#### WORK TO BE COMPLETED:
Transcribe every line of the material below exactly, leaving out the pictures.

Start of AVAILABLE DATA

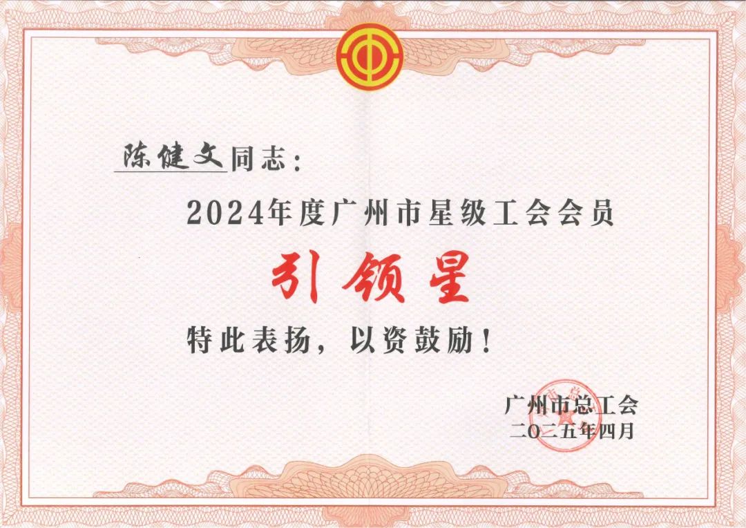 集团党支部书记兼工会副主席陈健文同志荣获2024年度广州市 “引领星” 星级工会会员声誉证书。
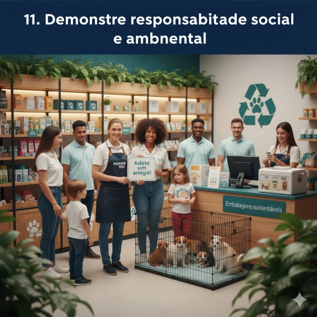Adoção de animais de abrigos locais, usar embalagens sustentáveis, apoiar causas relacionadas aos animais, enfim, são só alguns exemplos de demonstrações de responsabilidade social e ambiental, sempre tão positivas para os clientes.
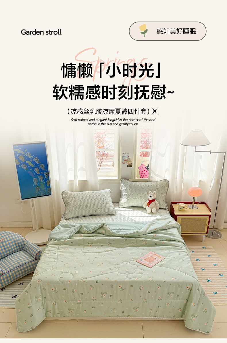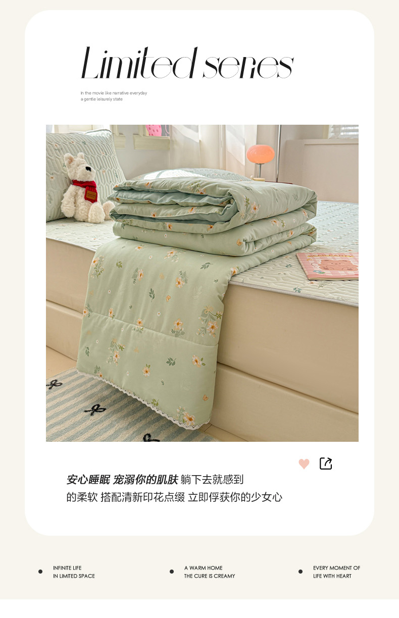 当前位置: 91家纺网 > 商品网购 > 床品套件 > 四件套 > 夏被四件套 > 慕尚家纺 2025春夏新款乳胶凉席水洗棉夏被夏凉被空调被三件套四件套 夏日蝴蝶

End of AVAILABLE DATA

#### TASK OUTPUT:
 集团党支部书记兼工会副主席陈健文同志荣获2024年度广州市 “引领星” 星级工会会员声誉证书。
Adoção de animais de abrigos locais, usar embalagens sustentáveis, apoiar causas relacionadas aos animais, enfim, são só alguns exemplos de demonstrações de responsabilidade social e ambiental, sempre tão positivas para os clientes.
 当前位置: 91家纺网 > 商品网购 > 床品套件 > 四件套 > 夏被四件套 > 慕尚家纺 2025春夏新款乳胶凉席水洗棉夏被夏凉被空调被三件套四件套 夏日蝴蝶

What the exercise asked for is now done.